The Florentine sub-officer stood there, either counting to himself or communicating with whatever gods he followed. He had closed his eyes in mental, rather than physical, anguish.

Finally, he opened them and said emotionlessly, “Follow me.”

Zorro kept his grip on the kicking Helen.

“I don’t like this place. I wanna go home,” she howled.

The sub-officer held the door open for them. Zorro, laden down with Helen, passed through last. The sub- officer closed his eyes again, when she went by. It was just as well; she was sticking her tongue out in impotent rage.

Immediately inside the door was a large desk, behind it an older and more elaborately uniformed Florentine. He took them all in, including the sub-officer, without speaking. When the sub-officer put the clipboard of entry papers before him, he scanned it very slowly. The four passengers from space lined up before the desk, the second officer of the Half Moon slightly ahead of them.

The official looked up finally and stared at Jerry Rhodes, who was at the far right of the lineup. Jerry, hands nonchalantly in his pockets, was looking about the large entry hall.

The Florentine rapped, “Are you, or have you ever been, an Engelist?”

Jerry Rhodes brought his eyes to him, in unfeigned lack of comprehension.

“Me? What’s an Engelist? Listen, how do I go about finding a deluxe hotel? The very best. Some place with decent food and some action.” He winked at the other, dropped his voice slightly and spoke from the side of his mouth. “You know, nice nightspot, vintage guzzle, pick up a good looking…”

The sub-officer clipped, “Answer the Tenente’s question!”

Jerry blinked. “Me? No. I don’t even know what a… whatever you said… is.”

The tenente went on down the line. And got the same response from Dorn Horsten and Zorro Juarez. That is, a denial that they were or had ever been, Engelists.

The tenente brought out papers and got their signatures to that effect. The papers were added to the clip- board. He handed the clipboard to the sub-officer, who saluted. The tenente returned the salute. He had one last word to say to the newcomers to Firenze.

“In landing upon this planet you foreswear recourse to your own world, or to the United Planets, insofar as political activities are concerned. That is, if it is found that you participate in Firenze internal affairs, such as Engelist subversion, you are subject to our laws and to the government of the First Signore. Is that understood and accepted? If not, you must return to the”—he looked down at the paper before him—“the Half Moon, and depart Firenze.”

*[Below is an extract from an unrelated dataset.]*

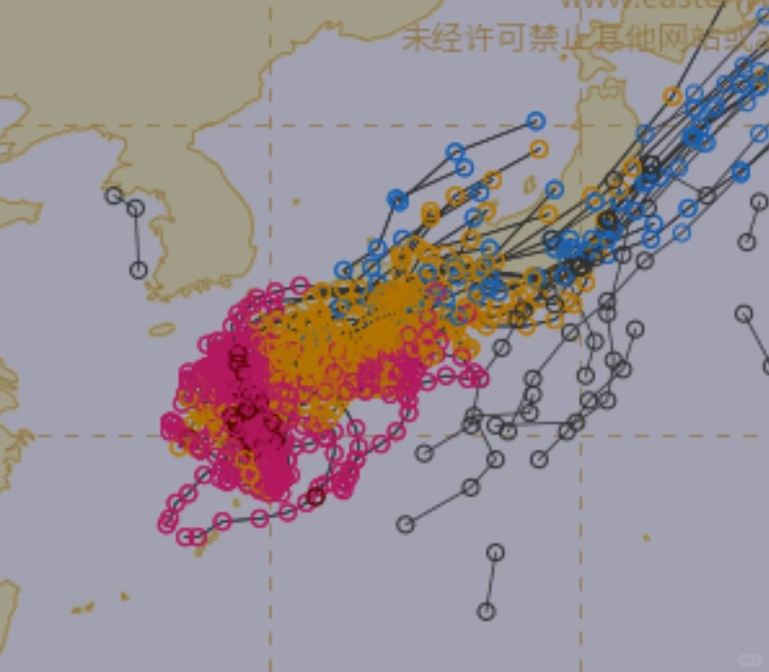 不过目前主流的气象台预报是没有发生变化的气象台都认为他还是会向东偏北方向横扫日本,但是部分机构已经给出了这样向西南方向折的预报,以我们必须要重视起来。一般气象台它是报一个相对稳妥的路径,对于新路线的更新相对滞后,像是去年的台风卡努,正是由美国的g fs最先提出会向东转折,这也引导了后面所有机构以及各个气象台的预报。而这一次也是g fs先提出来会向西南方向转折,到目前为止,不光是gfs ,现在ec,中国部分机构也调整为向西南方向移动所以这个路径也有可能性

Zorro Juarez said, “You mean, if we get in trouble, we can’t appeal to the United Planets Embassy?”

The tenente said, “Why should you get in trouble? You have declared that you are not an Engelist, haven’t you?”

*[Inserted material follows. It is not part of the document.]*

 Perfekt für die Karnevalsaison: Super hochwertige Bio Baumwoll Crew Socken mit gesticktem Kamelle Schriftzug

Jerry Rhodes said, “Is that the only kind of trouble you can get into on this world?”

“Are you attempting to be amusing, Signore, uh… Rhodes?”

Jerry said plaintively, “So far, I haven’t found anything to be amusing about on this planet. All I want to know is where I can find some decent food and a little action. After a week of Tuesdays on that so-called passenger freighter, what I need is…”

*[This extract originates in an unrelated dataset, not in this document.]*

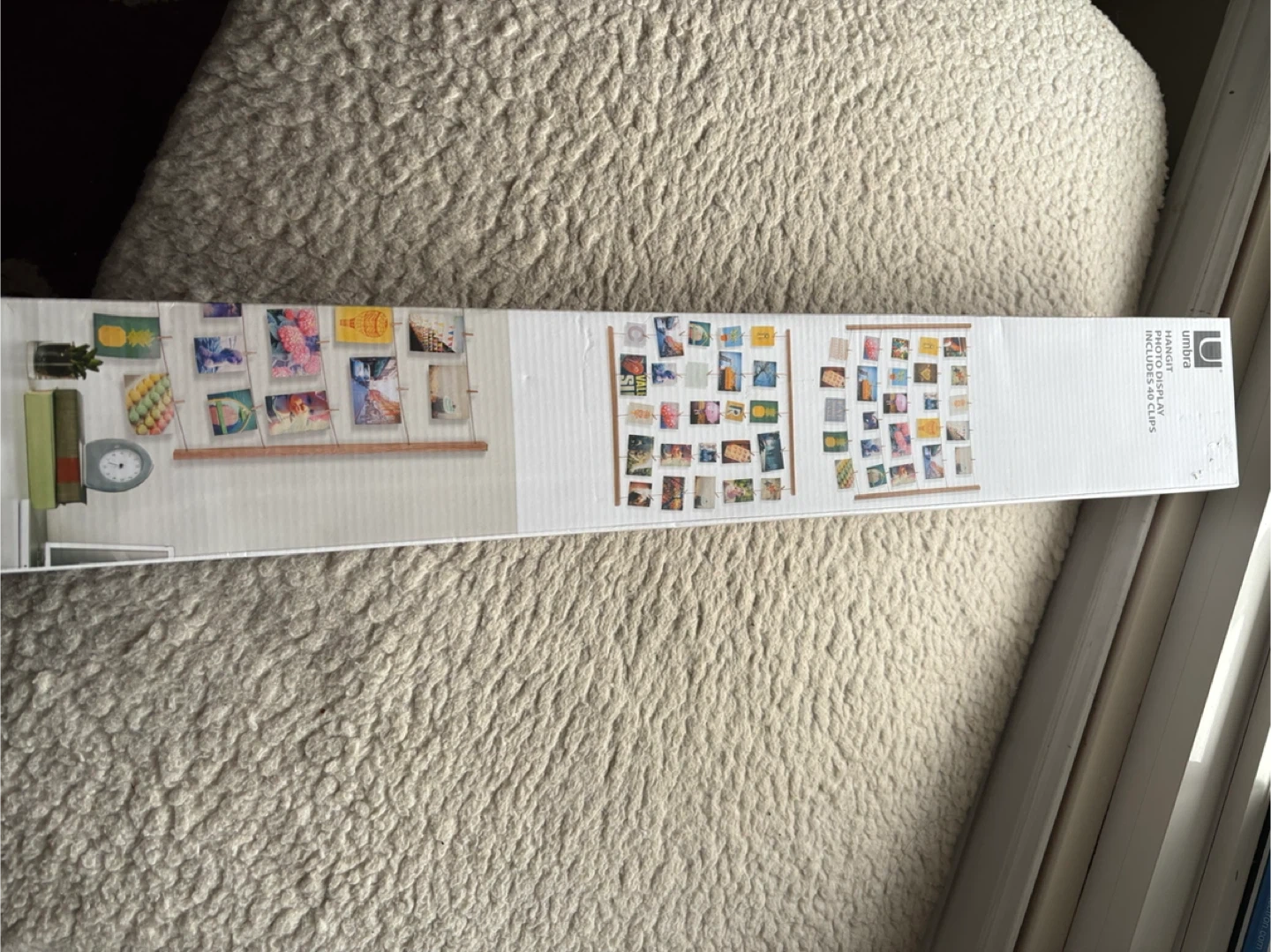 Selling an Umbra Hangit displa! It's a super cute way to display photos, cards, artwork etc. Easy to change up and wall mount, includes 6 twine cords and 40 removable clothespins.

Helen, who at long last had been set back on her own feet again, whined, “I don’t like this place, Daddy. I wanna go home.”

“Now, Helen, be a good girl.”

The sub-officer had closed his eyes again, when Helen opened her trap. The tenente said, “That will be all. Take them to customs.”

At this point Helmut Brinker called it quits. His duties, evidently, took him no further. He shook hands, even with Jerry Rhodes, patted Helen carefully on the head, as though half suspicious that she might bite him, and set off for the spaceport cart.

Helen held on to Zorro’s hand on the way to the next stop. He growled at her from the side of his mouth, “Aren’t you overdoing this?”

She looked up at him balefully and snarled in a low voice, “The way I look at it, so far I’ve stopped two duels. And if you three overgrown clods don’t keep your traps shut, I doubt if we’ll ever get to the hotel without one of you getting ventilated, or whatever they do in the way of dueling here.”